一定の教養をお持ちの皆さんは、この人めちゃくちゃ頭回転速いな、と思う人が突然差別発言とかかましてきて対応に困る、といった経験を1度はされているのではないか。ある程度頭がよければ(=視野が広ければ)そういった差別発言をすることのヤバさがわかるはずなのに…と思ってしまうが、実際のところこれこそ教養の差なので、感覚の差を埋めるのは難しい。この場合、教養の変数がかかって言動はヤバくなってるがそれは頭の性能とは別の話、ということになる。そしてこの時、差別発言をヤバいと捉えるだけの教養がある人はこの人を安易に「頭いい」とはジャッジできなくなるし、逆にそうでない場合は「頭いい」まま、というところに教養の変数のややこしさがあると思う。

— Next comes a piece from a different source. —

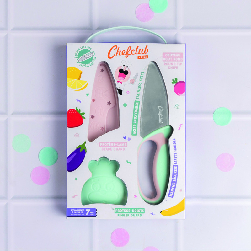 Kit cutit de bucatar pentru copii, Roz si Verde pastel, Chefclub Kids

ただ「頭がいい」ことにはそれだけで人を支配する力がついてくる。誰を「頭いい」とするかは、誰についていくべきか、つまり誰を正しいとするかというジャッジに繋がることは注意すべき点だ。ここら辺の教養がなくて頭の性能だけが良い、という人が「頭いい」、つまり正しいという形で持ち上げられてしまう可能性があると思うと、「頭がいい」から何なんだ?という気にもなる。

 

また個人的な体験に寄せて考えると、私の高校の同級生は一般に「頭がいい」と言われる特徴を持った人間が割と多いと感じるのだが、卒業してみて思い返すと、学校の教育方針に「頭がいい」と思われるような言動(理路整然と話し、ウィットに富んだ会話をする)を礼賛する風潮があった気がしてならない。冷静になるとかなりキモいが、とりあえず彼女たち(女子高でした)が「頭いい」雰囲気をまとっているのは、本来の頭の性能というよりも、周囲から頭いいと思われやすい振る舞いを習得できる環境にいた、という話なのではないかと思うようになった。これもまた教養の変数の一種だ。

 

ぶっちゃけると私は子供のころ周りの大人全員から「頭いい」と言われまくっていたので、自分は頭が良いんだなという意識を持って育ったのだが、今や20代後半になり、「頭いい」と言われて育った人がどれだけこの世に多いかということや(世に溢れる元神童の多さ)、実際のところ私ってさほど頭良くないのではということ(本当に頭が良かったら今の会社で働いているのかどうか)はある程度わかってきた。大人になった今では、頭いいと思われるとシンプルにプレッシャーであるし、期待に添えなくて恥ずかしい思いをする方が辛い。一方で、頭がいい子として育てられた私が頭悪いとなると今後どうしたらいいのか?という不安もあり、他の長所をいくつか失ってもいいので一旦頭いい側の人間ではありたい、というちょっとよくわからない捻じれた感情もある。

 

周囲で頭いい・悪いという議論が始まった時は、安易に乗らずに「教養の変数という要素も入れて考えないと意味がないと思います」といった持論を展開することにしている。持論を展開することでちゃんと考えているな(頭いいな)という印象を持たせつつ、安直な頭いい・悪いの判断基準に水を差すという狙いもある。これは頭いい子というプレッシャーをかけられがちな私が編み出した、適度に頭いいと思われながら頭いい・悪いの基準を少しずつ破壊することを目指す、自衛の振る舞いである。